Pour éviter que le riz n’absorbe l’humidité de l’air ambiant, recouvrez le bol d’un cellophane ou placez le tout dans un sac de type Ziploc.

Idéalement, mettez votre appareil dans une protection évacuant facilement l’humidité pour éviter que de la poussière de riz n’entre par les ouvertures.

Il est conseillé de changer légèrement l’appareil de position aux heures pour permettre à l’eau de s’évacuer en générant le moins possible d’humidité à l’intérieur.

Vous pouvez aussi utiliser les petits sacs de petites boules de gel de silice – trouvés dans des sacs, des manteaux de cuir ou dans les tiroirs de meubles neufs ou de la monoargile.

Si vous n’avez vraiment rien d’autre, de la litière à chat propre (plusieurs marques contiennent de la poussière, mettez donc votre gadget dans un bas ou un tissu qui ne gardera pas l’humidité, pour le protéger ou optez pour de la litière de type cristalline).

Une nouveauté sur le marché: EVAP

Sauver un téléphone tombé dans l'eau - Une nouveauté sur le marché: EVAP

Photo Kensington

La trousse de secours pour petits appareils électroniques – à garder sous la main à la maison, au chalet ou dans son sac – a été conçue par Kensington, une division d’Acco Brands Canada.

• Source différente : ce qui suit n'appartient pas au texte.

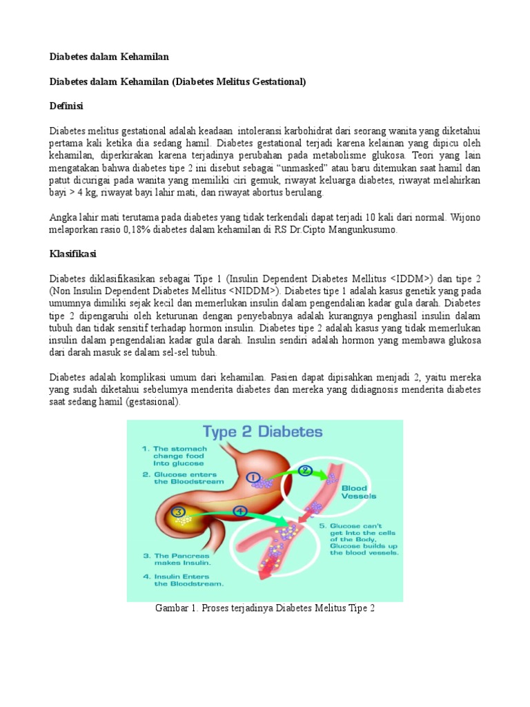 Diabetesdalam pra-kehamilan. kehamilan adalah yang paling ditunggu oleh pasangan yang sudah menikah. namun, wanita dengan diabetes tipe 1 harus ekstra hati-hati dalam menjaga kehamilan mereka sejak pra-kehamilan dan selama kehamilan. pengendalian diabetes harus sempurna sehingga diabetes dalam kehamilan resiko komplikasi diabetes pada kehamilan bisa diminimalkan. Diabetes mellitus gestasional (dmg) didefinisikan sebagai gangguan toleransi glukosa berbagai tingkat yang diketahui pertama kali saat hamil tanpa membedakan apakah penderita perlu mendapat insulin atau tidak. pada kehamilan trimester pertama kadar glukosa akan turun antara 55-65% dan hal ini merupakan respon terhadap transportasi glukosa dari ibu ke janin. Dm dalam kehamilan, dm dan kehamilan (gestational diabetes mellitus gdm) adalah kehamilan normal yang disertai dengan peningkatan insulin resistan (ibu hamil gagal mempertahankan euglycemia). faktor risiko gdm: riwayat keluarga dm, kegemukan, dan glikosuria. Diabetes dalam kehamilan free download as powerpoint presentation (. ppt /. pptx), pdf file (. pdf), text file (. txt) or view presentation slides online. diabetes dalam kehamilan.

D’après l’entreprise, le sachet peut «récupérer en seulement de 6 à 24 heures» des appareils entrés en contact avec de l’eau.

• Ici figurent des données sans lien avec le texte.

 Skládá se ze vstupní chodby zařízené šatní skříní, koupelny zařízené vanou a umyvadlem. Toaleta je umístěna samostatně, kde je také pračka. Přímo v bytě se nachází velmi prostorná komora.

Son efficacité sept fois supérieure au riz (selon les tests effectués en laboratoire par Kensington) serait attribuable à la technologie intégrée aux sachets de secours, soit un tamis moléculaire à forte concentration. Il contiendrait un matériau absorbant de qualité industrielle.

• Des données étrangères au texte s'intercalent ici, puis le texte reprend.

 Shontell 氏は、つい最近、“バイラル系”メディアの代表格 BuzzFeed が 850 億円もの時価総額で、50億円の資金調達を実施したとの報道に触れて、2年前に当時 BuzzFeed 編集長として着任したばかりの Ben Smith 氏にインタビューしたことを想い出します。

Une fois l’appareil dans le sac de secours, le changement de couleur de l’indicateur d’humidité vous informera si l’opération de sauvetage a été un succès.

EVAP se vend au prix suggéré de 20$ dans les magasins BestBuy, Future Shop et sur le site web de différents détaillants.

Testez l’appareil

Sauver un téléphone tombé dans l'eau - Testez l'appareil

Photo Farina3000 / Fotolia

Lorsque vous êtes convaincu que l’appareil est sec – au moins 24 heures après l’incident et idéalement plus – faites une dernière inspection visuelle. Il se peut que l’eau ait laissé des traces de minéraux: nettoyez-les.

Puis, remettez les composants en place et allumez-le. 

Soyez à l’écoute de bruits bizarres ou de tout autre signe anormal. S’il ne s’allume pas, essayez de le recharger, peut-être est-ce simplement la batterie qui s’est vidée.

Vous pouvez aussi essayer de brancher l’appareil sans la batterie, au cas où il s’agit du seul élément dysfonctionnel.

Si rien de marche, vous pouvez toujours aller dans un magasin d’électronique et demander de l’aide à un spécialiste, en lui expliquant la situation.